Data items:
==========
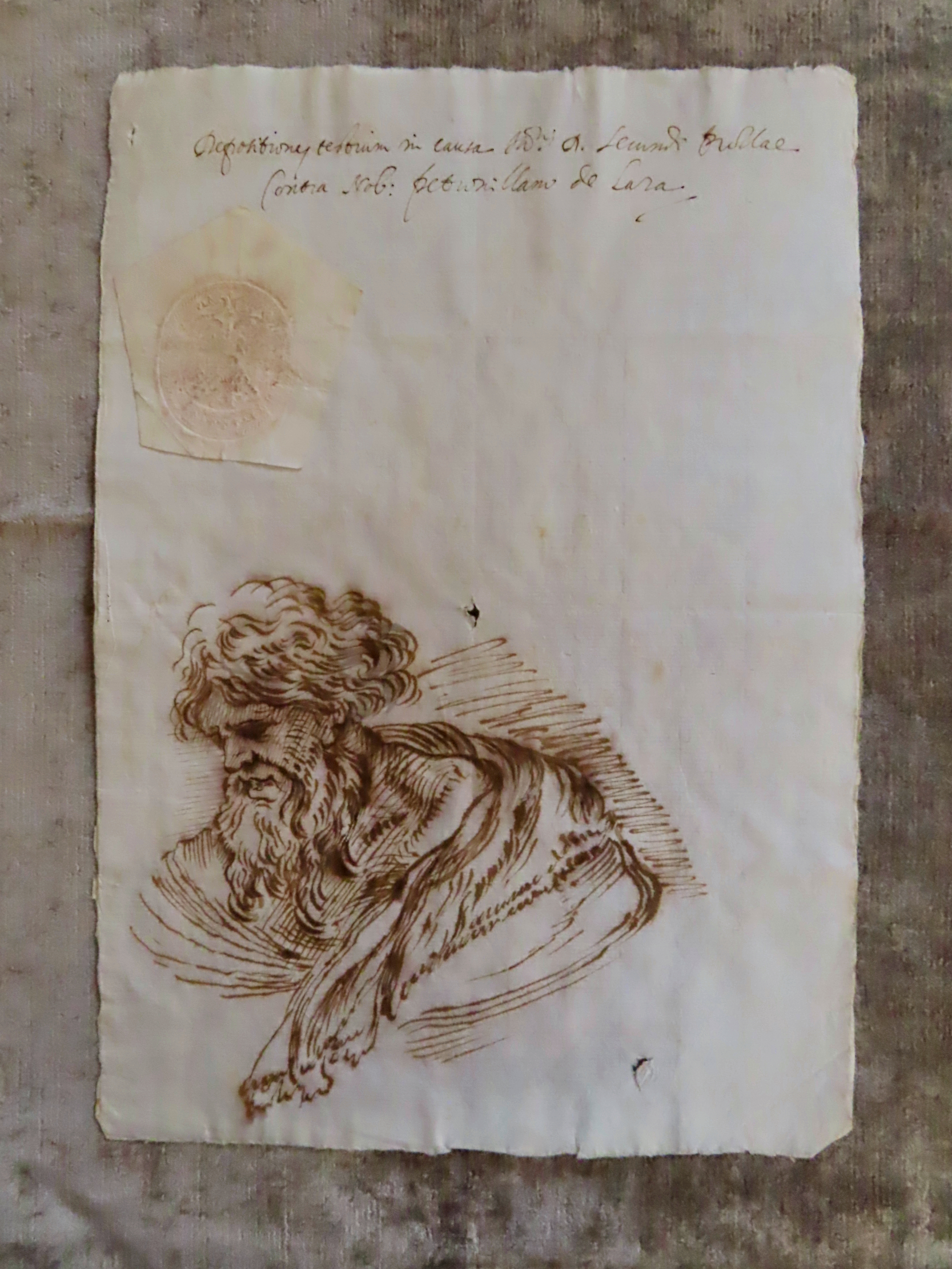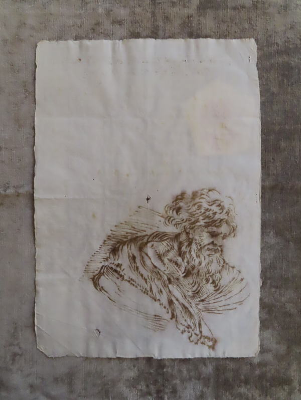 | フィレンツェのコレクターの収集品からの作品。 大きな作品の部分でしょうか? 羽根ペンで描かれた、18世紀(推定)の素描です。 直筆のペンの強弱。 的確なデッサン力。 |
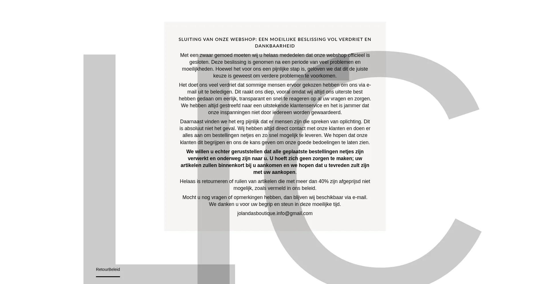 Met een zwaar gemoed moeten wij u helaas mededelen dat onze webshop officieel is gesloten.
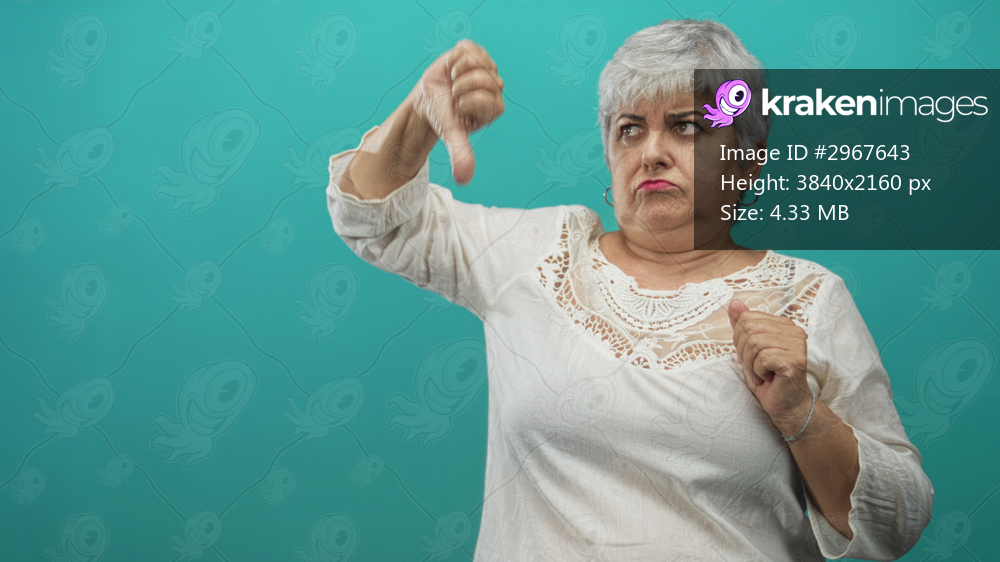 Woman senior with grey hair showing thumbs down with raised hand and pursed lips in studio; disapproval defiance.
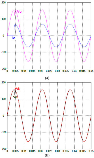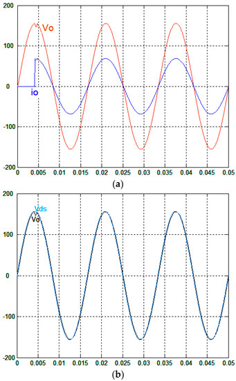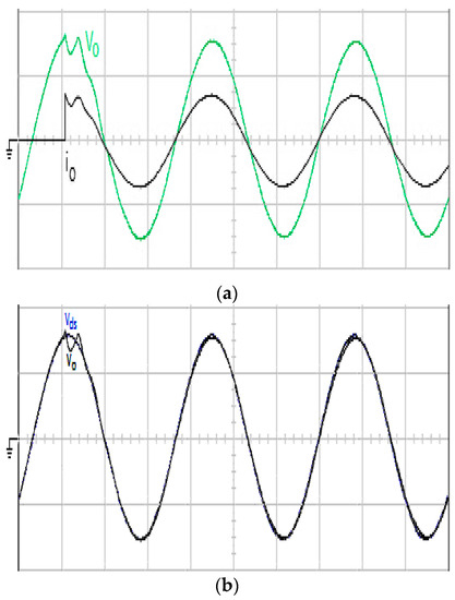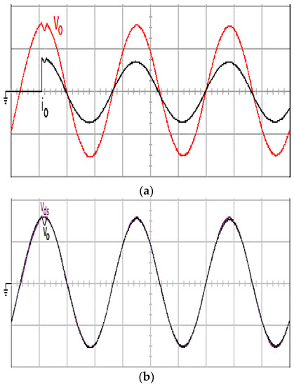 (a) Experimental waveforms of the output voltage and output current under step load change for the proposed control technique (100 V/div; 20 A/div; 5 ms/div); (b) Trajectories of output voltage and reference sine wave (100 V/div; 5 ms/div).
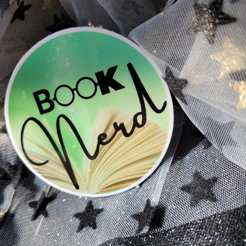 Circle Bookish Themed 3 inch by 3 inch Sticker, this gorgeous beauty has a green gradient with stars and a book backgroud with the words book nerd (book has glasses for the oo) perfect gift for your book minded friends!!
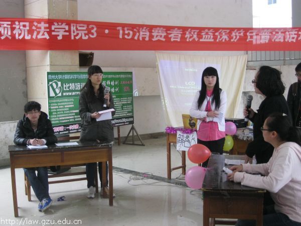 2013年3月15日,由我院主办的我院3.15消费者权益保护日活动在北区逸夫楼开展。本次活动由文艺部副部长李燕主持,活动现场人来人往,热闹非凡。
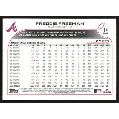 This is a 2022 Topps Chrome Freddie Freeman baseball card. The card is #14 and pictures show condition.
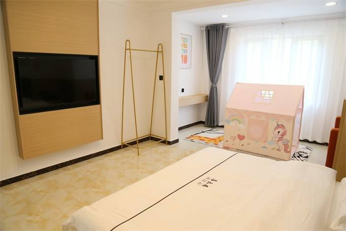 亲子套房一间,空间布局还是十分合理,拉开窗帘便真的可以看见一整面绿色,真的特别舒服!房间内的洗浴采用的是干湿分离,房间里纯白的风格每个角落都很出片。
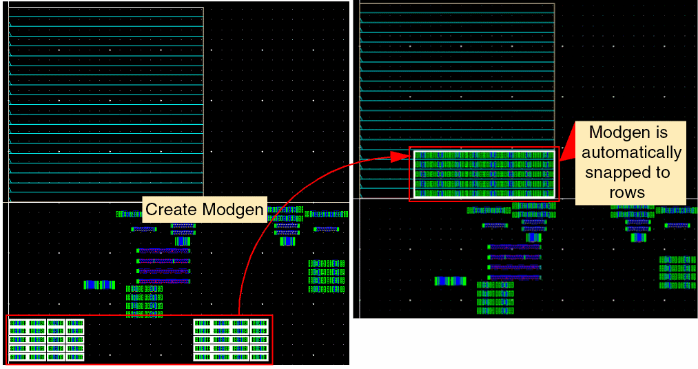 When you run Virtuoso Placer, Modgens are automatically snapped to compatible rows, if they exist. If the Modgen instances do not align exactly to the rows, then one of the Modgen instances is snapped to the nearest row. Use the snapFigGroupRowCorrect to control the snapping behavior of Modgens.
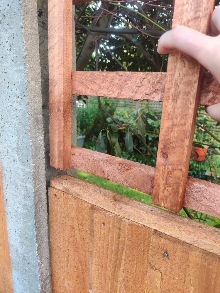 I'm no expert on these matters, but the whole thing just seems off. I saw our cat chase a squirrel about 10 minutes ago across the fence and the whole thing was just wobbling around (the trellis that is, though the cat is a little on the chunky side...).
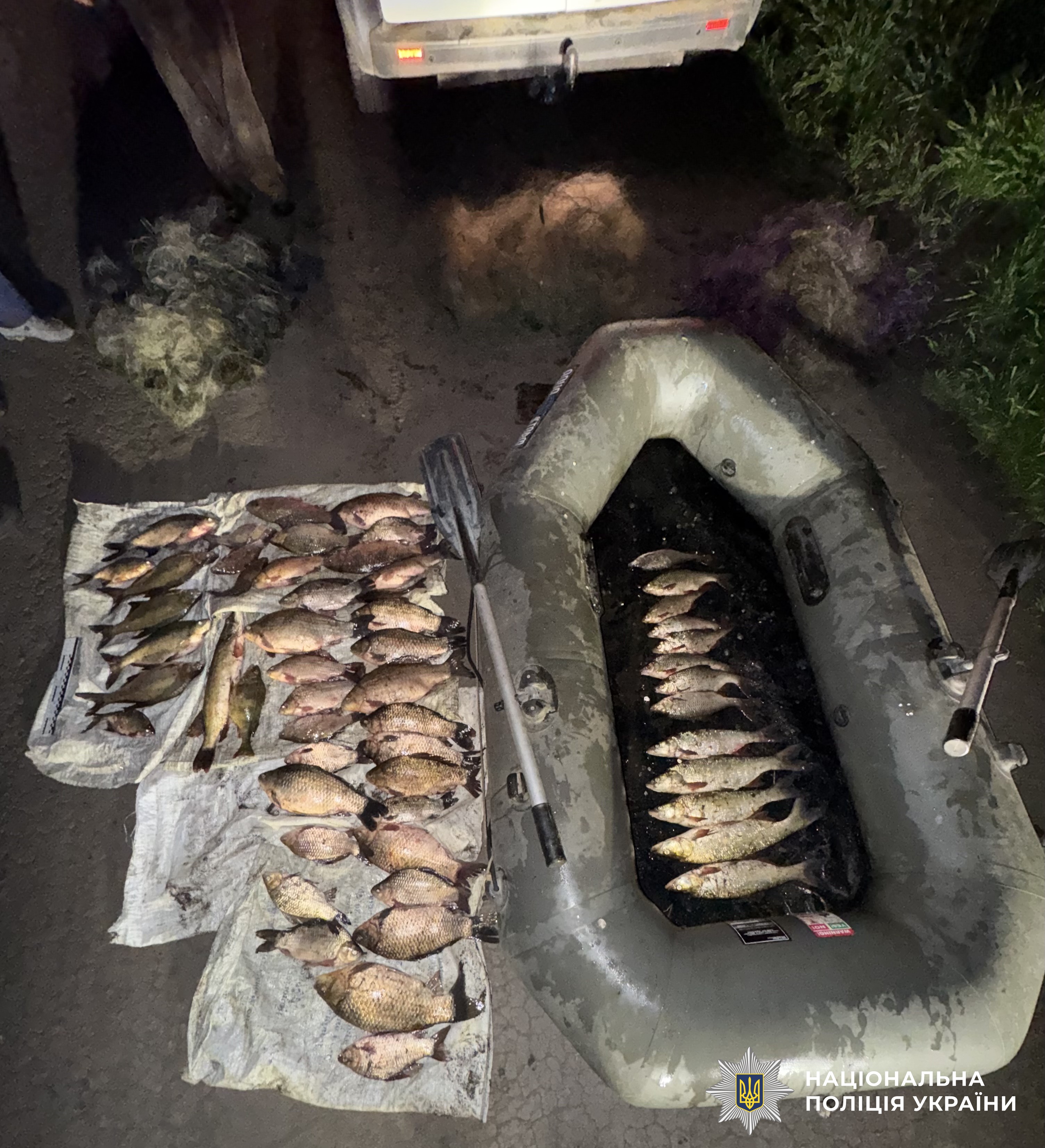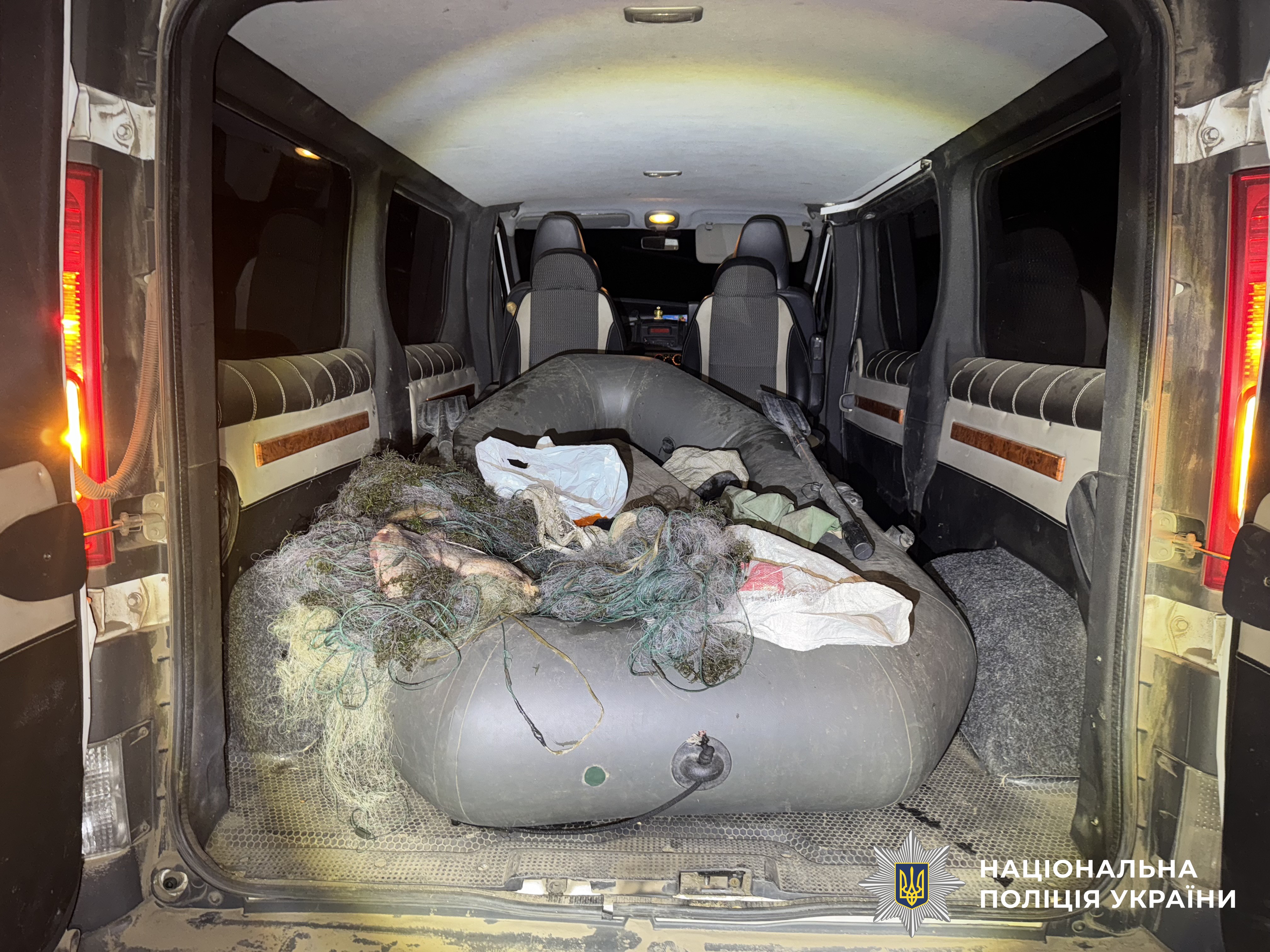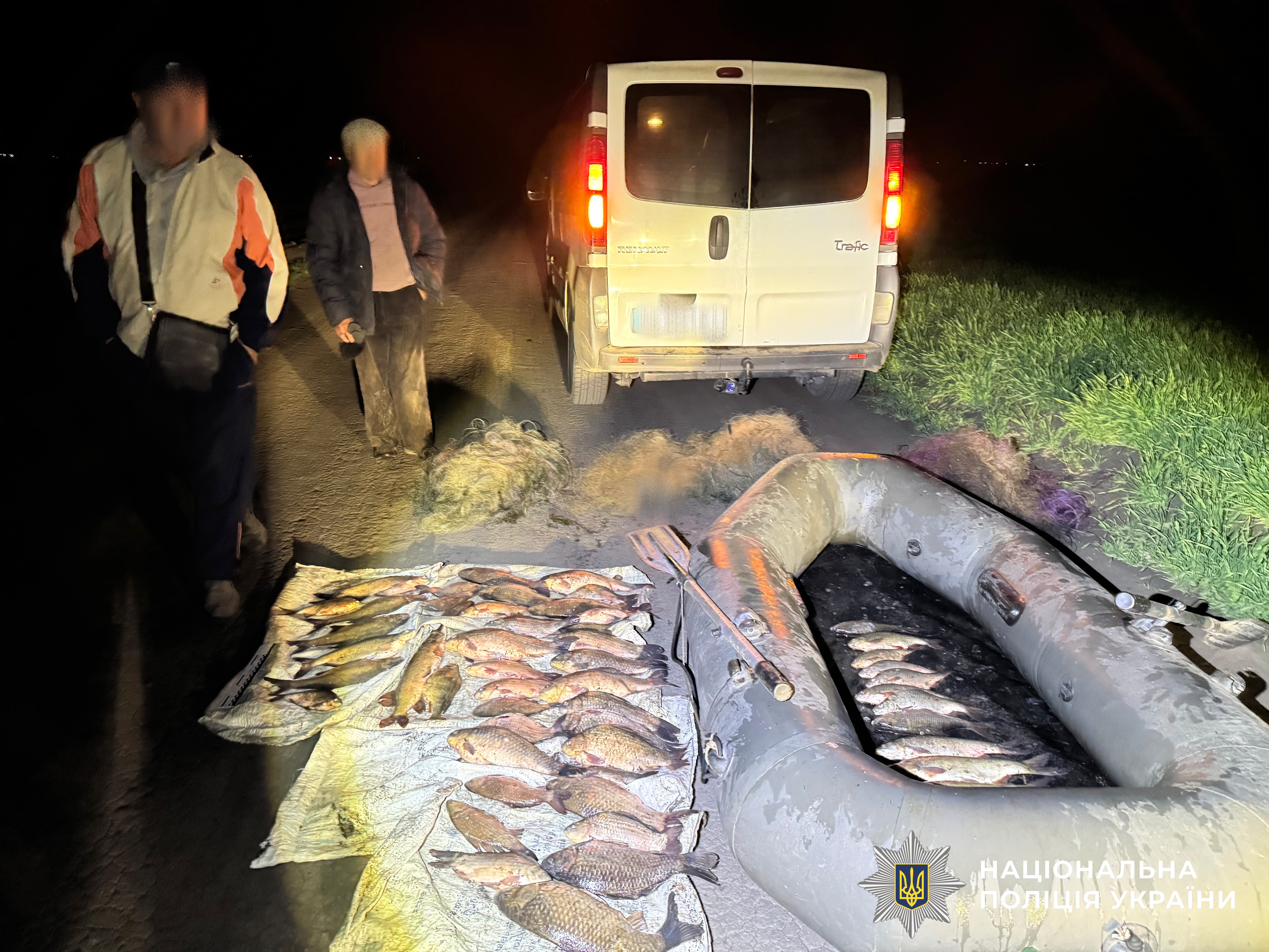 Дізнавачі вилучили у правопорушників мікроавтобус, човен, троє сіток та 60 рибин (карась, окунь, лящ, щука, плотва, білизна).
==========
(WORK TASK)
With pictures left out, repeat exactly the lines from the line bearing "I'm no expert" through the final line of the records above.

(OUTPUT FOR THIS TASK)
 I'm no expert on these matters, but the whole thing just seems off. I saw our cat chase a squirrel about 10 minutes ago across the fence and the whole thing was just wobbling around (the trellis that is, though the cat is a little on the chunky side...).
 Дізнавачі вилучили у правопорушників мікроавтобус, човен, троє сіток та 60 рибин (карась, окунь, лящ, щука, плотва, білизна).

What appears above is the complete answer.